TASK
With all images left out, restate the records below exactly as written.

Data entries
□ □ □
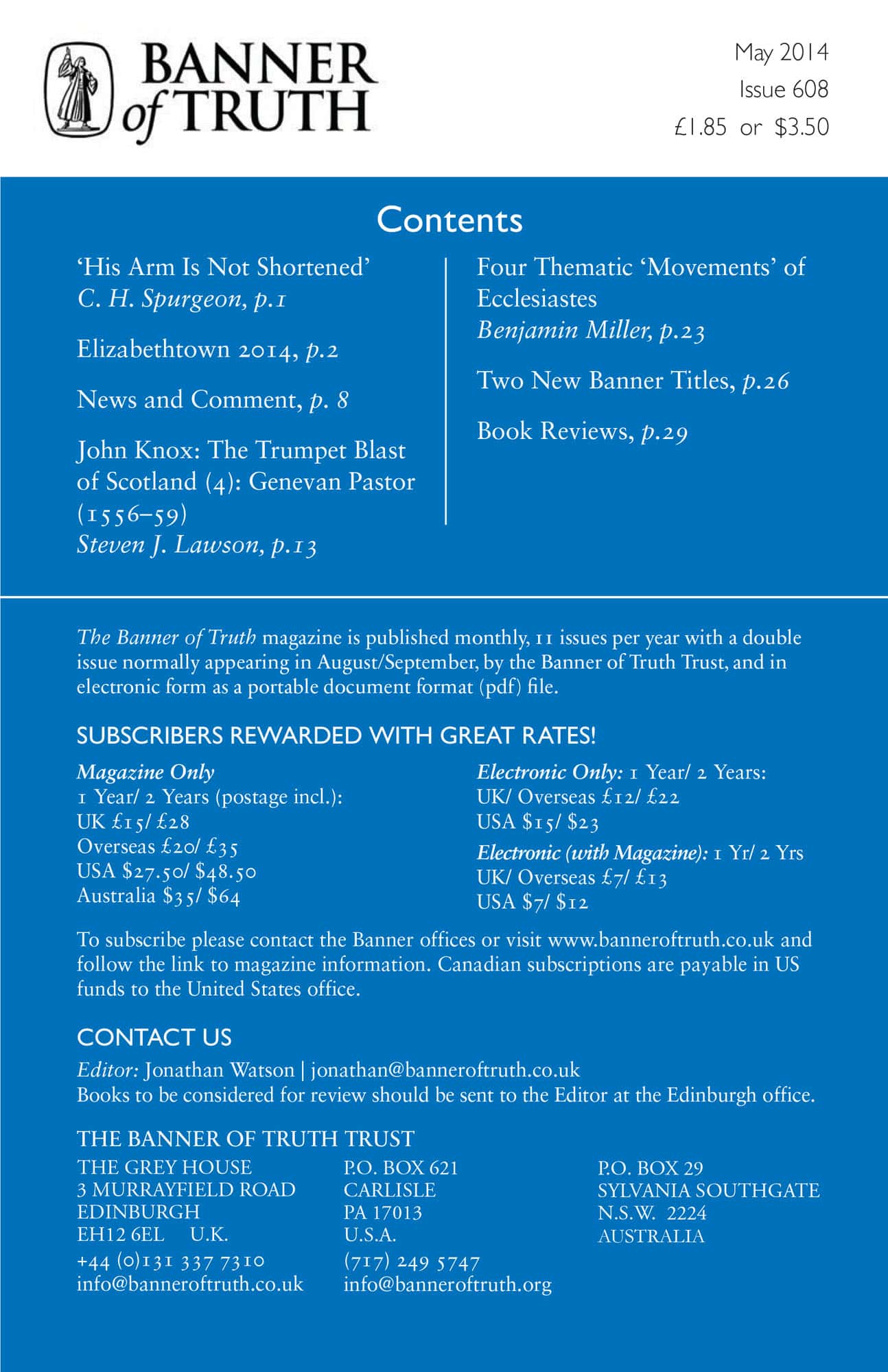 Subscribe to the Banner of Truth Magazine for 11 edifying issues each year (including summer double issue). Table of Contents O Jerusalem, Jerusalem — Thomas, Geoffrey 1-5 Changing Scene in the United States — Murray, Iain H 10-16 Zeal to Promote the Common Good – The Story of the King James Bible – 1 — […]
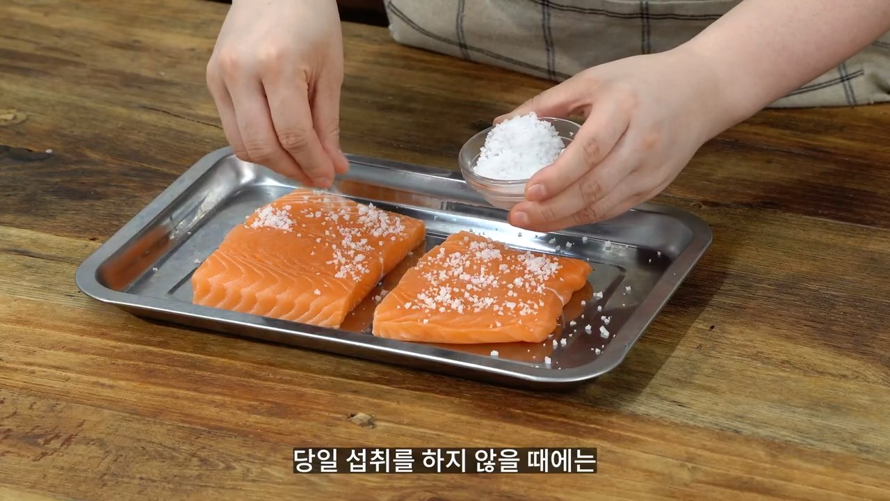 취향에 따라 연어를 소분한 후 소금을 앞뒤로 골고루 뿌려주세요.
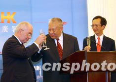 香港特首董建華、財(cái)政司長(zhǎng)梁錦松及投資推廣署長(zhǎng)盧維思,6月24日在禮賓府特設(shè)酒會(huì),舉杯祝賀來(lái)港投資的中外企業(yè)代表在港開(kāi)業(yè)擴(kuò)充業(yè)務(wù)。 中新社記者 洪少葵
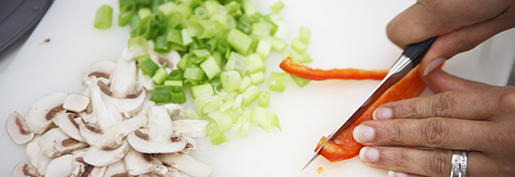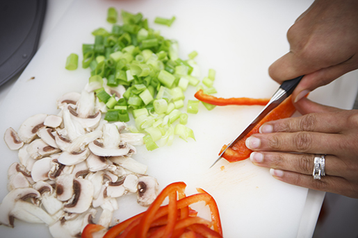 Lockeed Martin senior research scientist Maya Cooper chops vegetables, which would be feasable for astronauts in Mars gravity, for a vegan pizza developed at NASA's Advanced Food Technology Project at Johnson Space Center in Houston Tuesday, July 3, 2012. NASA is currently planning a mission to Mars, which has gravity, so more options for food preparation, like chopping vegetables, are available as opposed to the dehydrated fare of current space missions. (AP Photo/Michael Stravato)
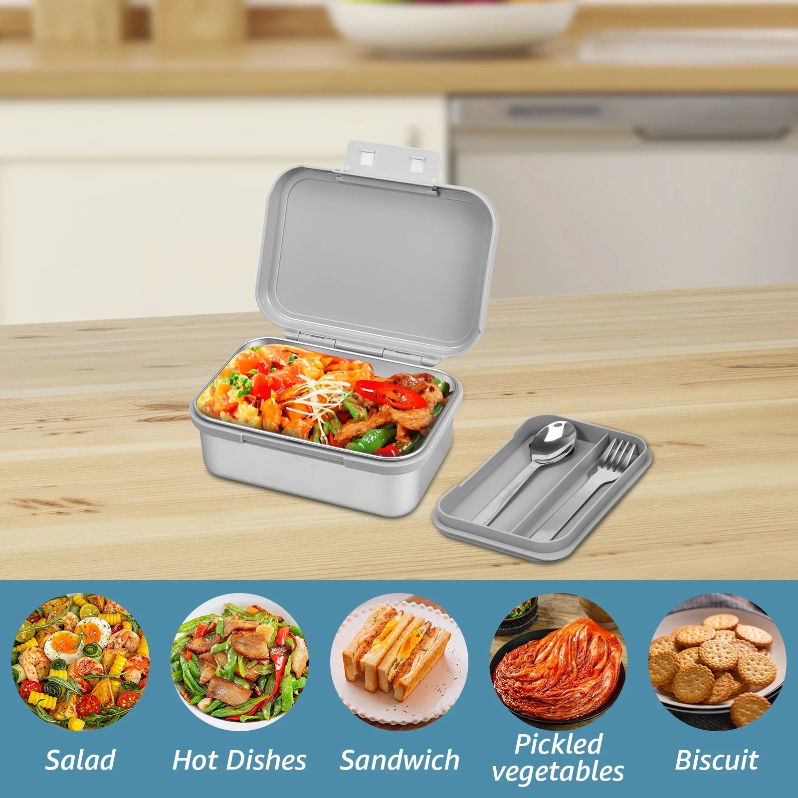 1 x Stainless Steel Food Box;1 x Fork;1 x Spoon
□ □ □
ANSWER TO THE PROBLEM
 Subscribe to the Banner of Truth Magazine for 11 edifying issues each year (including summer double issue). Table of Contents O Jerusalem, Jerusalem — Thomas, Geoffrey 1-5 Changing Scene in the United States — Murray, Iain H 10-16 Zeal to Promote the Common Good – The Story of the King James Bible – 1 — […]
 취향에 따라 연어를 소분한 후 소금을 앞뒤로 골고루 뿌려주세요.
 香港特首董建華、財(cái)政司長(zhǎng)梁錦松及投資推廣署長(zhǎng)盧維思,6月24日在禮賓府特設(shè)酒會(huì),舉杯祝賀來(lái)港投資的中外企業(yè)代表在港開(kāi)業(yè)擴(kuò)充業(yè)務(wù)。 中新社記者 洪少葵
 Lockeed Martin senior research scientist Maya Cooper chops vegetables, which would be feasable for astronauts in Mars gravity, for a vegan pizza developed at NASA's Advanced Food Technology Project at Johnson Space Center in Houston Tuesday, July 3, 2012. NASA is currently planning a mission to Mars, which has gravity, so more options for food preparation, like chopping vegetables, are available as opposed to the dehydrated fare of current space missions. (AP Photo/Michael Stravato)
 1 x Stainless Steel Food Box;1 x Fork;1 x Spoon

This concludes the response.